Exercise requirements: With pictures excluded, output exactly the lines that run from the first line of the data below through the line containing "- W rubryce".

[Records provided]

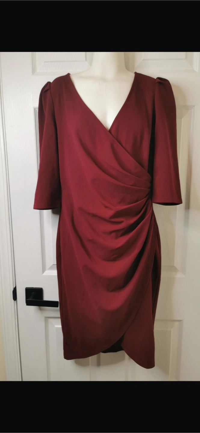 New! Retails for $63 Selling a lovely burgundy wrap dress! It's a size medium and features a flattering V-neckline and three-quarter sleeves. The dress has a stylish wrap design with ruching detail, perfect for a night out or a special occasion COMFORTABLE FABRIC: The women's dress is well made of high quality soft and stretchy fabric, comfortable to touch and wear, creats a classy and generous look for you. Get ready for all parties with this sophisticated bodycon wrap dress, flattering fitted on any body shape, you will gain many compliments. FLATTERING HIGHLIGHT: This wrap dress is that all will like. 3/4 Sleeve bodycon dress with deep v neck suits for any busts, especially big bust, makes you sexy but elegant. Front gathered ruched could hide your belly fat in gather layering which cleverly draws attention away from your belly fat and then flowing into a fashion tulip hem bodycon dress, perfectly hug your body and accentuate your curves, creating an ultra-slimming and attrative visual effect that everyone will be obsessed with. FASHIONABLE DESIGN: Dresses for women, sexy v neck, bodycon dresses, puff 3/4 sleeve dress, front gathered ruching detail, empire waist dresses, trendy tulip hem dress, that front cross mini length and back knee Length, dresses that hide belly fat, sheath dress, faux wrap dress, slit pencil dress, zipper on back, solid color, tight fitted dress, elegant dress. Classic wardrobe staple piece you can wear all year round, for endless chic looks.
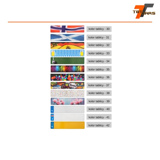 - W rubryce Uwagi do zakupu podaj swój napis w ramach widocznej dostępnej ilości znaków, ikon oraz opisz dokładnie kolorystykę zarówno tablic tłoczeń
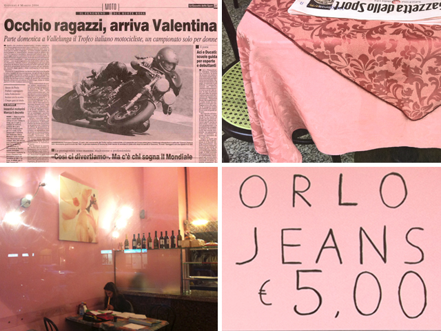 The best thing about Milanese pink is that it’s not just for girls. Its usage is either too dignified or too funky or, pardon the color metaphor, simply too “out of the blue” to be considered strictly a feminine indicator. Take for example the ubiquitous sports daily Gazzetta dello Sport. It’s been pink forever. In fact, it’s nicknamed “La Rosa,” and it proudly bears the tagline Tutto il rosa della vita (literally, “all the pink in life,” but meaning “all the good things in life”). You don’t see men shunning it because of its color. Quite the opposite.
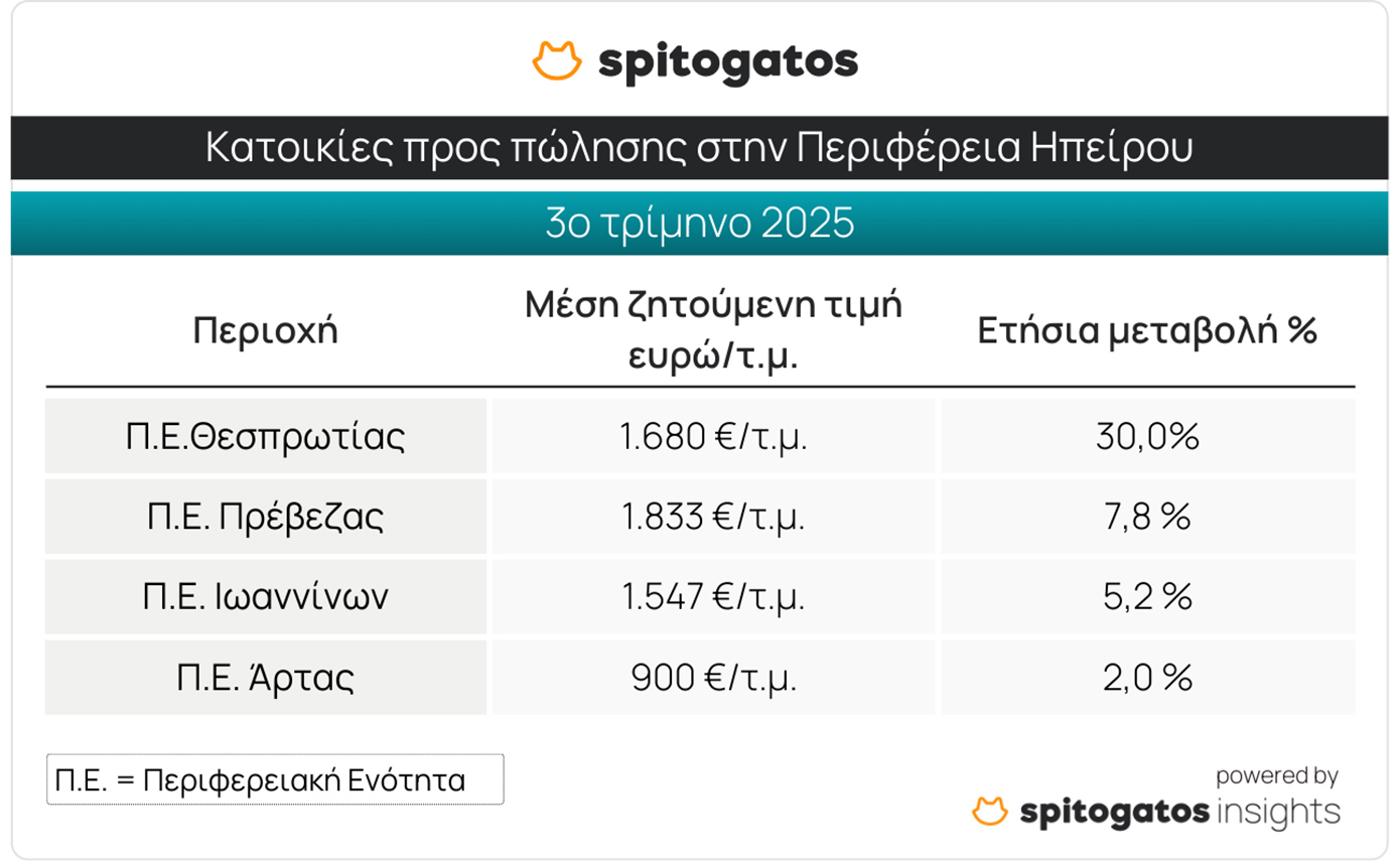 Από το 2019 έως το 2025, οι τιμές πώλησης κατοικιών αυξήθηκαν κατά 41% και οι τιμές ενοικίασης κατά 47,2%. Οι Πρέβεζα και Θεσπρωτία έχουν τις υψηλότερες τιμές πώλησης, ενώ τα Ιωάννινα κυριαρχούν στις ενοικιάσεις.
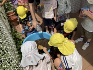 4歳児は夏に向けてペットボトル製のプランターに‶ひまわりの種″を植えました。自分だけの‶プランター”に大切そうに種をまいていました。
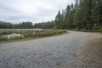 a paved road in a wooded area with pine trees in the distance and a lake near it
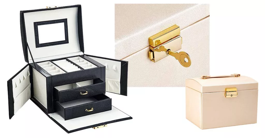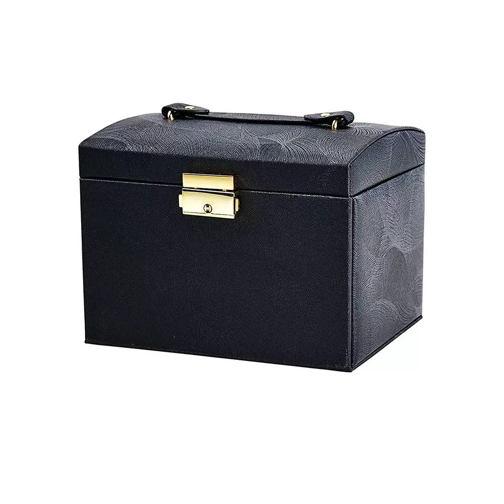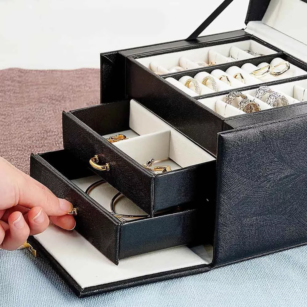 Păstrează-ți bijuteriile organizate și protejate cu o geantă de bijuterii sofisticată și funcțională! Închisă, arată ca o cutie elegantă, iar odată deschisă, oferă numeroase compartimente, sertare și suporturi pentru inele, astfel încât toate accesoriile tale preferate să fie la îndemână. Oglinda integrată îți permite să încerci rapid bijuteriile oriunde te-ai afla.
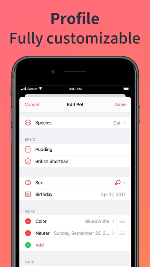 AnyPets supports adding multiple pets, so you won't worry about missing any of your pet pals. You can choose your favorite pet photo as the card cover to distinguish each pet more easily.
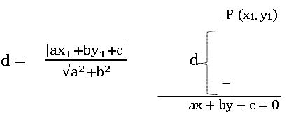 The perpendicular distance from a point P (x1, y1) to the line ax + by + c = 0 is
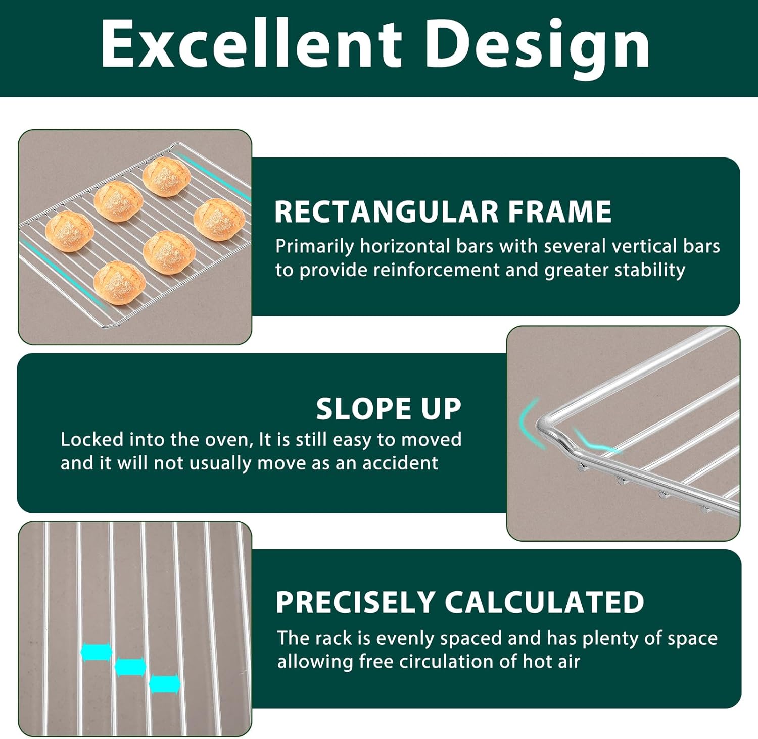 Excellent Design: Precisely calculated and sturdy. Breville toaster oven wire rack has excellent thermal conductivity, air circulation and even heat distribution, helping breville oven rack to create delicious food and multiple ingredients at the same time, such as baking bread, cookies, pizza, or chicken and so on, saving your time
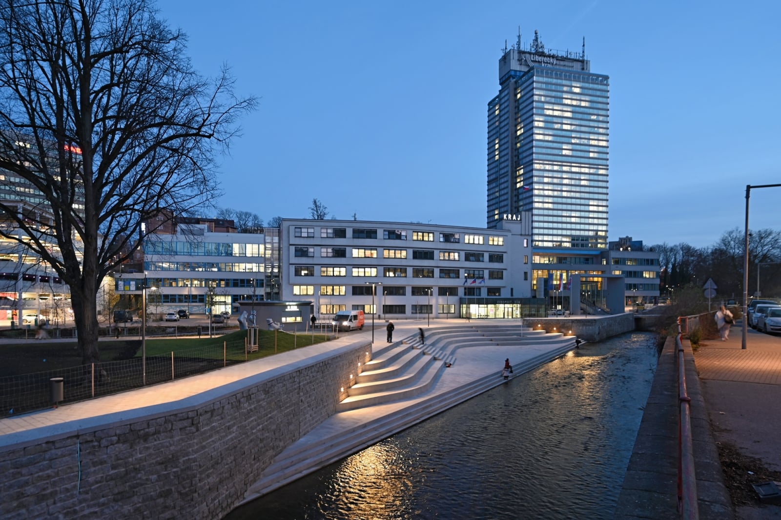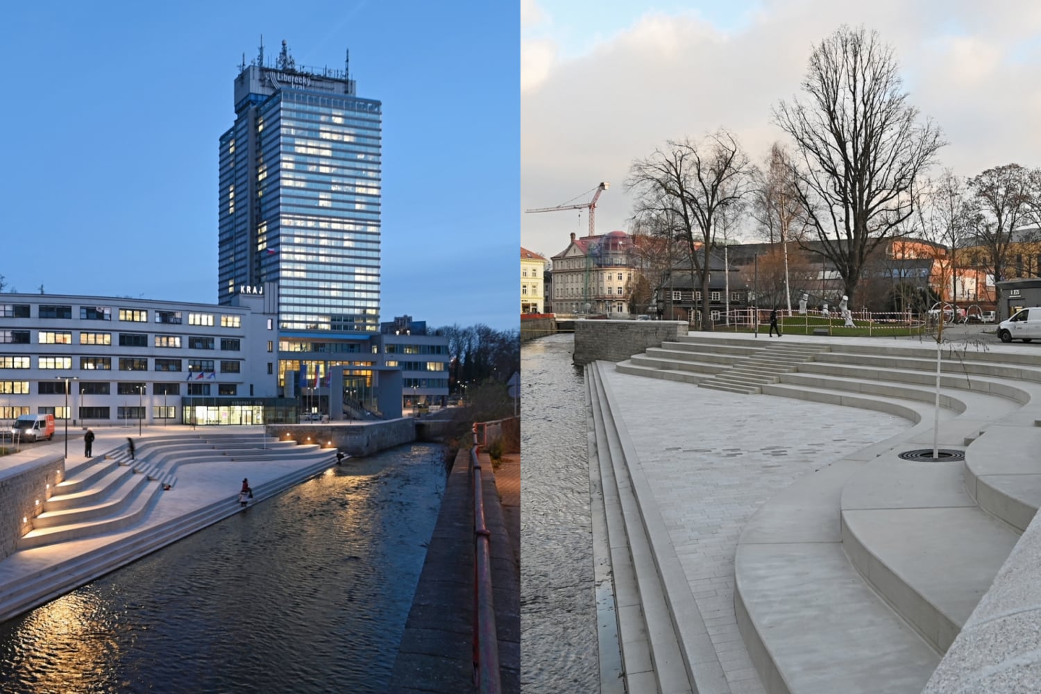 Výsledkom je desiatky metrov dlhé pobytové schodisko, ktoré umožňuje zísť až k rieke Lužická Nisa. Ide o najvýraznejšiu zmenu, ktorú priniesla obnova priestoru pred budovou kraja. Práce trvali viac ako rok a vyžiadali si takmer 155 miliónov korún (6,4 miliónov eur). Krajský úrad získal na úpravu svojho okolia aj európsku dotáciu vo výške 43 miliónov korún (1,8 milióna eur).
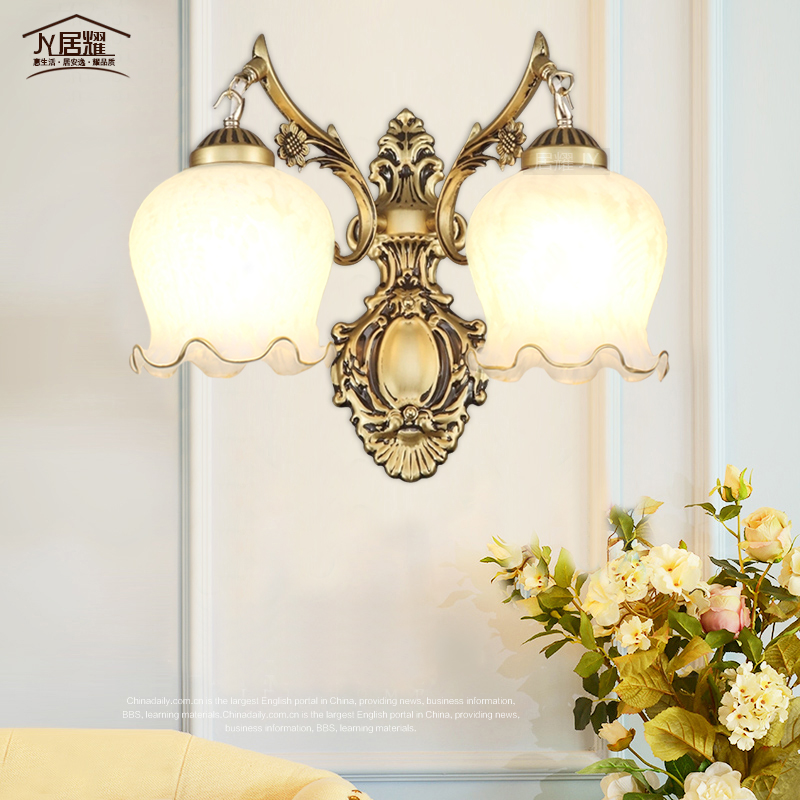 美苑韩式田园壁灯铁艺床头灯花草镜前灯双头单头壁灯过道房间壁灯
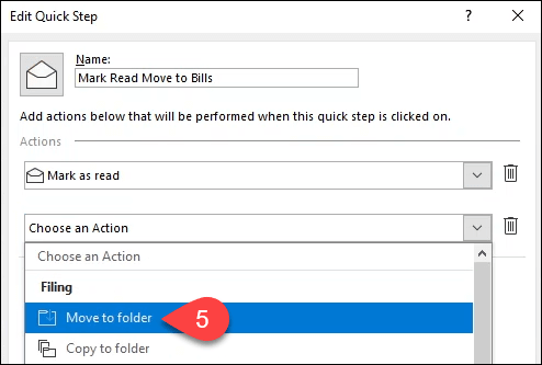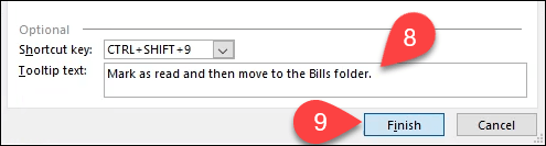 - Select **Finish **to complete creating the Quick Step. You’ll now see the **Mark Read Move to Bills** Quick Step in the Outlook ribbon. Test it using the shortcut key combo you chose in step 7.
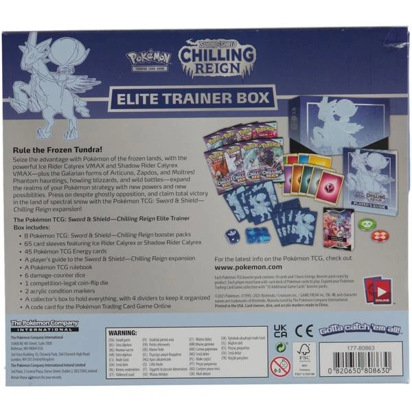 The elite trainer box includes, 8 booster packs, 65 card sleeves, 45 energy cards, players guide, damage counters, coin flip die, condition markers, storage box and a code card to unlock online content.

[/Records provided]

Task output:
 New! Retails for $63 Selling a lovely burgundy wrap dress! It's a size medium and features a flattering V-neckline and three-quarter sleeves. The dress has a stylish wrap design with ruching detail, perfect for a night out or a special occasion COMFORTABLE FABRIC: The women's dress is well made of high quality soft and stretchy fabric, comfortable to touch and wear, creats a classy and generous look for you. Get ready for all parties with this sophisticated bodycon wrap dress, flattering fitted on any body shape, you will gain many compliments. FLATTERING HIGHLIGHT: This wrap dress is that all will like. 3/4 Sleeve bodycon dress with deep v neck suits for any busts, especially big bust, makes you sexy but elegant. Front gathered ruched could hide your belly fat in gather layering which cleverly draws attention away from your belly fat and then flowing into a fashion tulip hem bodycon dress, perfectly hug your body and accentuate your curves, creating an ultra-slimming and attrative visual effect that everyone will be obsessed with. FASHIONABLE DESIGN: Dresses for women, sexy v neck, bodycon dresses, puff 3/4 sleeve dress, front gathered ruching detail, empire waist dresses, trendy tulip hem dress, that front cross mini length and back knee Length, dresses that hide belly fat, sheath dress, faux wrap dress, slit pencil dress, zipper on back, solid color, tight fitted dress, elegant dress. Classic wardrobe staple piece you can wear all year round, for endless chic looks.
 - W rubryce Uwagi do zakupu podaj swój napis w ramach widocznej dostępnej ilości znaków, ikon oraz opisz dokładnie kolorystykę zarówno tablic tłoczeń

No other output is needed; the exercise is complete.